Cet article a été publié le: 17/03/21 17:45 GMT

Côte d’Ivoire-AIP/ Inter/ l’UNICEF condamne le meurtre de 58 civils par des groupes armés à l’Ouest du Niger

Abidjan, 17 mars 2021 (AIP)-Le Fonds des Nations Unies pour l’enfance (UNICEF) a condamné fermement mercredi 17 mars 2021,  l’assassinat d’au moins 58 civils, dont six enfants, survenu lundi 15 mars 2021, dans la région de Tillabery, à l’Ouest du Niger.

« L’UNICEF condamne avec la plus grande fermeté les meurtres horribles de civils perpétrés par des groupes armés non identifiés dans les villages de Darey-dey et Sinégogar, région de Tillabery, dans l’ouest du Niger, qui auraient tué au moins 58 personnes dont six enfants âgés de 11 à 17 ans », a déclaré la Directrice régionale de l’UNICEF, Marie-Pierre Poirier, dans un communiqué.

« Nous sommes profondément attristés et indignés que des civils, dont des enfants, figurent parmi les victimes », a-t-elle ajouté.

Le Fonds rappelle que début janvier 2021, dans la même région, des groupes armés ont mené des attaques coordonnées dans les villages de Tchamo-Bangou et Zaroumdareye, tuant au moins 100 personnes dont 17 enfants de moins de 16 ans.

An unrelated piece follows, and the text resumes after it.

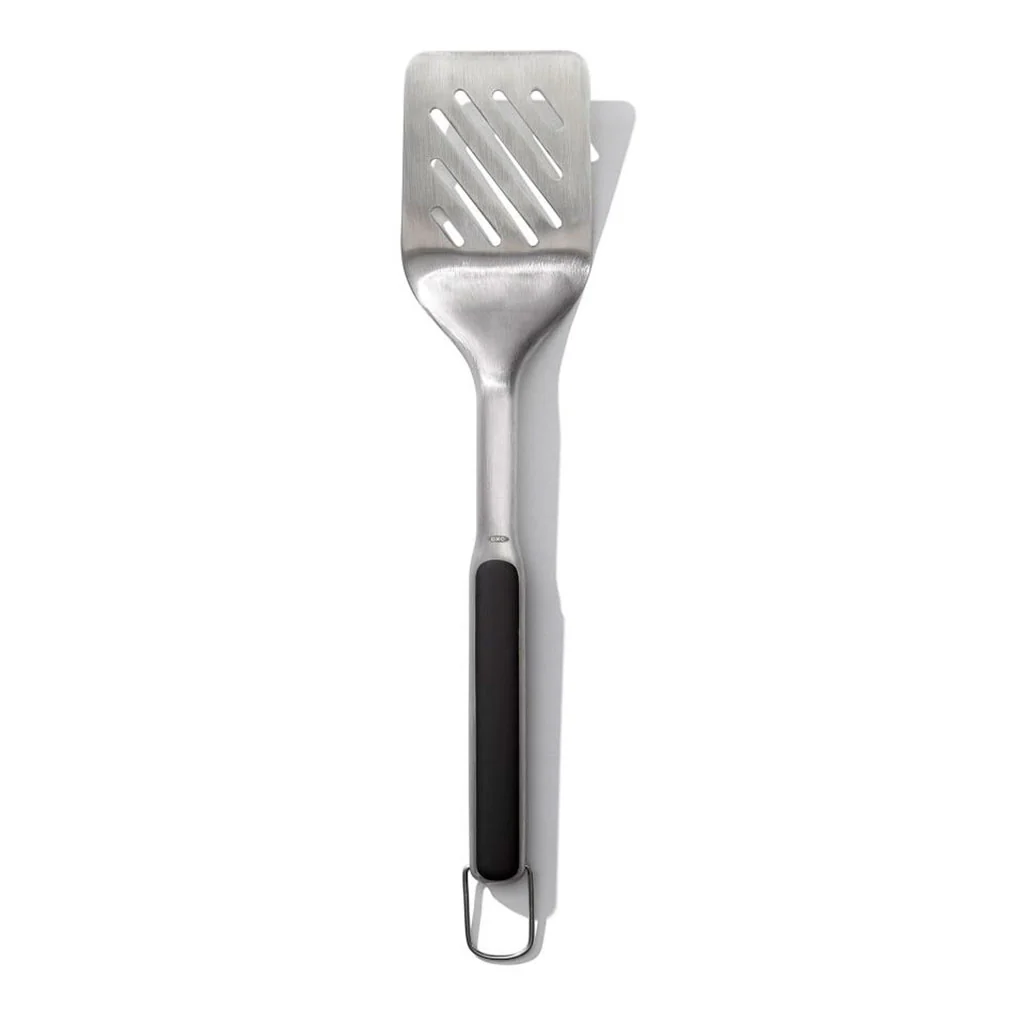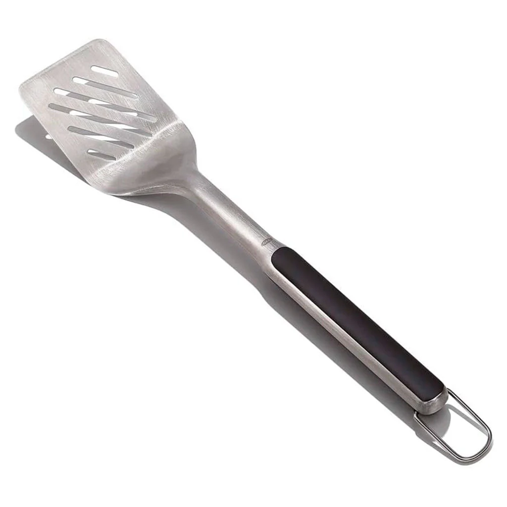 La Pala para barbacoa de acero inoxidable OXO es el aliado perfecto para disfrutar de tus carnes en una exquisita barbacoa. Esta pala tipo espátula rasera XL, con su diseño robusto y su amplio tamaño, está especialmente pensada para remover y voltear todo tipo de carnes, desde hamburguesas y bistecs hasta pollo y butifarra. Su fabricación en una sola pieza garantiza durabilidad y resistencia, mientras que su uso es sencillo y muy práctico.

La recrudescence de la violence armée dans la région du Sahel central a un impact dévastateur sur la survie, l’éducation, la protection et le développement des enfants. L’insécurité croissante le long des frontières avec le Burkina Faso et le Mali a exacerbé les besoins dans la région de Tillabery où plus de 95.000 personnes sont déplacées.

Au cours des derniers mois, l’accès des acteurs humanitaires aux populations touchées par le conflit a été entravé. Il est de plus en plus difficile d’atteindre les personnes dans le besoin, déplore l’UNICEF.

Le Niger reste confronté à une combinaison de crises humanitaires à déclenchement rapide et prolongé qui ont été exacerbées par les impacts de la Covid-19. Environ 3,8 millions de personnes, dont 2 millions d’enfants, ont besoin d’une aide humanitaire à travers le pays, fait remarquer le Fonds, en soulignant que l’UNICEF continue de travailler avec le gouvernement et ses partenaires dans les communautés touchées pour fournir aux enfants et aux familles des services essentiels de protection, de soins de santé et d’éducation.

Mais pour mettre fin à la violence et aider l’UNICEF à atteindre ceux qui en ont le plus besoin, un soutien et un engagement supplémentaires de la part de la communauté internationale sont de toute urgence nécessaires, a conclu Marie-Pierre Poirier.